The 95% confidence interval for the difference in means (μ_high − μ_low) does not include zero, further confirming this result. We are 95% confident that high-protein foods contain, on average, between the lower and upper bounds of the CI more calories per 100g than low-protein foods.

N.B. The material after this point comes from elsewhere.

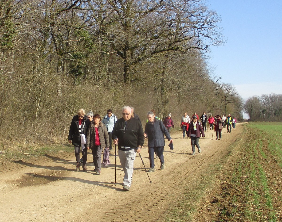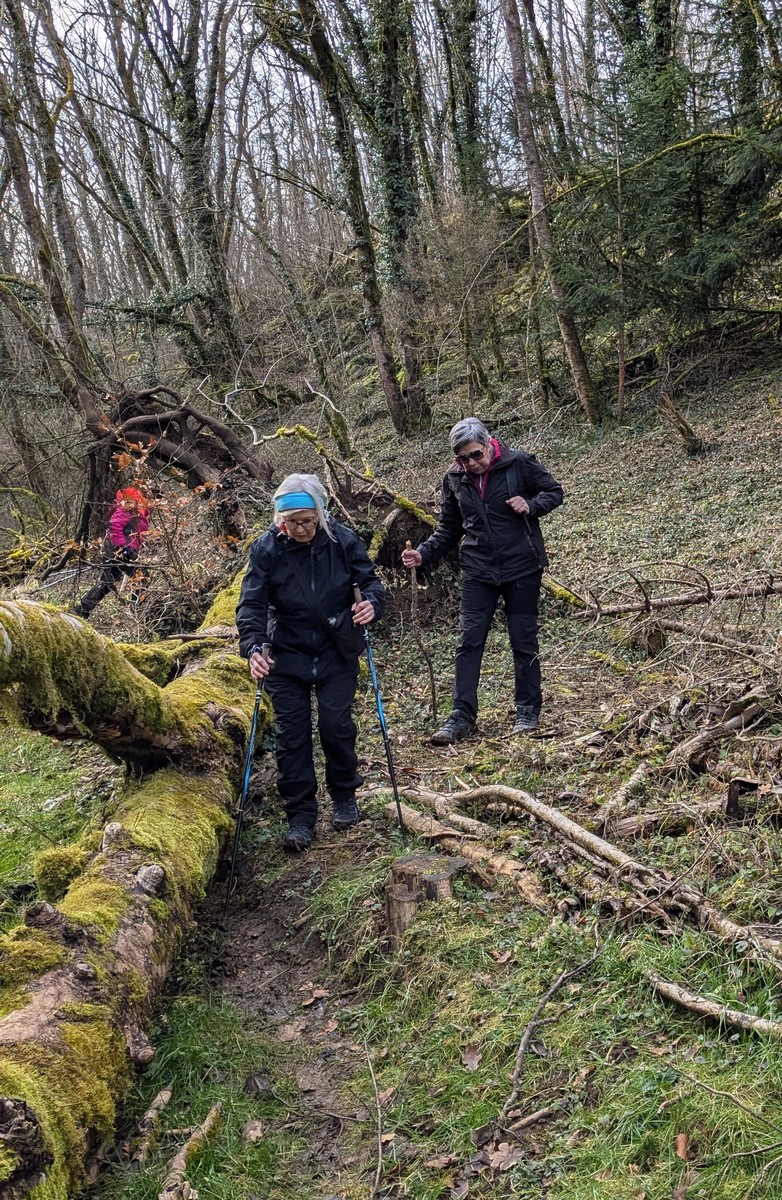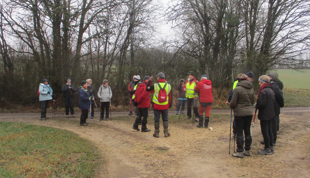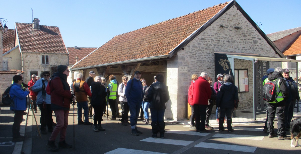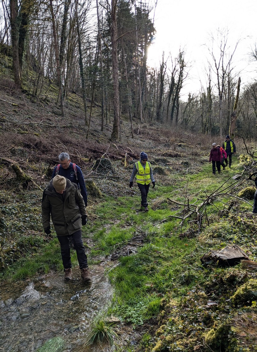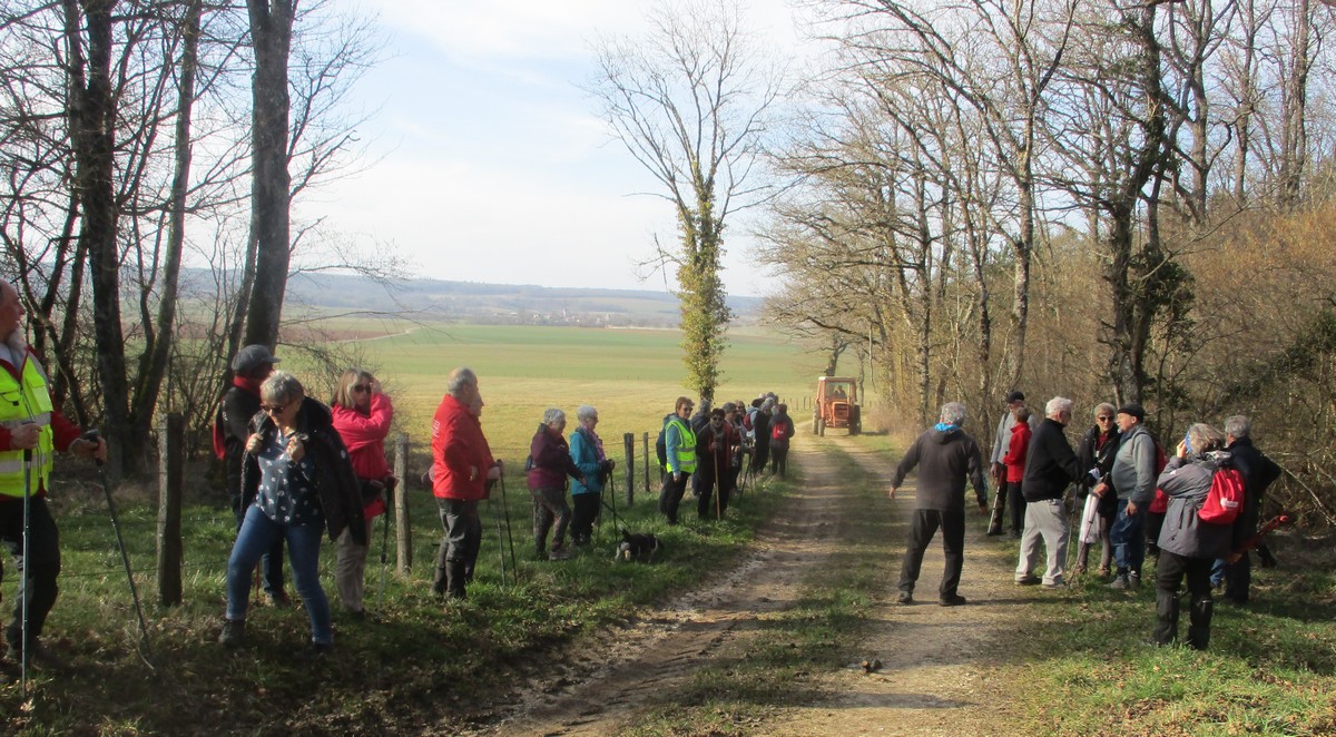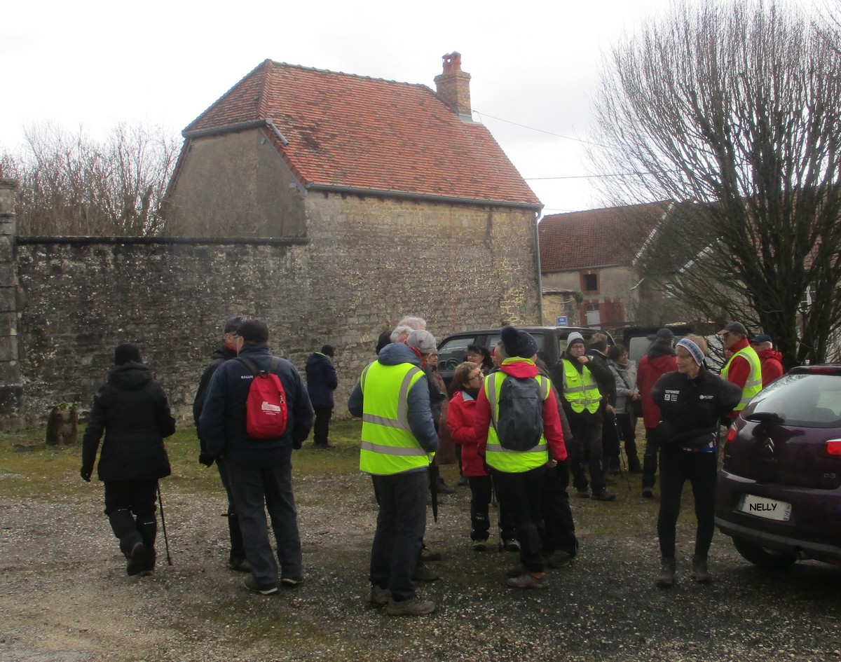 C’est parti pour une marche de 9,8 kms ; nous sommes une bonne vingtaine au départ de Noidant-Le-Rocheux, accompagné d’un ciel bleu. Nous débutons par une montée afin de parcourir notre chemin dans les sous-bois bien gouillasseux, qui nous mènent sur une plaine, de façon à rejoindre le GR 7 traversant la vallée de la Mouche. Celle-ci est bien humide et encombrée d’arbres tombés par les rafales de vent : « Un vrai parcours du combattant ». Mais aucun ne se « noie dans » un verre d’eau en traversant les rus.

Summary: This analysis tested whether high-protein foods (>15g protein per 100g) differ significantly in caloric content from low-protein foods using the USDA National Nutrient Database (n = 8790). The two-sample Welch t-test produced a statistically significant result (p < 0.05), leading us to reject the null hypothesis of no difference.
Key Finding: Contrary to the popular belief that high-protein foods are necessarily lower in calories, high-protein foods in the USDA database are on average more calorie-dense than low-protein foods. Exploratory analysis reveals this is largely driven by fat content — many high-protein foods (e.g., nuts, seeds, processed meats, cheese) are simultaneously high in fat, which is the most calorie-dense macronutrient.
Importance: These findings have practical implications for dietary planning. Individuals selecting foods based solely on protein content may unintentionally consume more calories than expected. This underscores the importance of evaluating the full macronutrient profile rather than using protein content as a proxy for caloric “lightness.”
Limitations:
Future Directions: A follow-up analysis could use multiple regression with both protein and fat as continuous predictors of calorie content, or stratify by food category (e.g., meats vs. dairy vs. legumes) to better understand within-group variation.
Zezere, V. (n.d.). USDA food nutritional values [Dataset]. Kaggle. Retrieved from https://www.kaggle.com/datasets/viktorzezere/usda-food-nutritional-values
U.S. Department of Agriculture, Agricultural Research Service. USDA National Nutrient Database for Standard Reference. Retrieved from https://www.ars.usda.gov/northeast-area/beltsville-md-bhnrc/beltsville-human-nutrition-research-center/nutrient-data-laboratory/
R Core Team (2024). R: A language and environment for statistical computing. R Foundation for Statistical Computing, Vienna, Austria. https://www.R-project.org/
Wickham H, et al. (2019). Welcome to the tidyverse. Journal of Open Source Software, 4(43), 1686.
# QQ plots to visualize departure from normality in each group
par(mfrow = c(1, 2))
qqnorm(food_clean$calories[food_clean$protein_group == "high"],
main = "Q-Q Plot: High Protein")
qqline(food_clean$calories[food_clean$protein_group == "high"], col = "#E07B54", lwd = 2)
qqnorm(food_clean$calories[food_clean$protein_group == "low"],
main = "Q-Q Plot: Low Protein")
qqline(food_clean$calories[food_clean$protein_group == "low"], col = "#5B8DB8", lwd = 2)
Both groups show deviation from normality in the tails (right skew), as expected for nutritional data. The large sample sizes in both groups (n >> 30) mean the Central Limit Theorem applies and the t-test remains valid.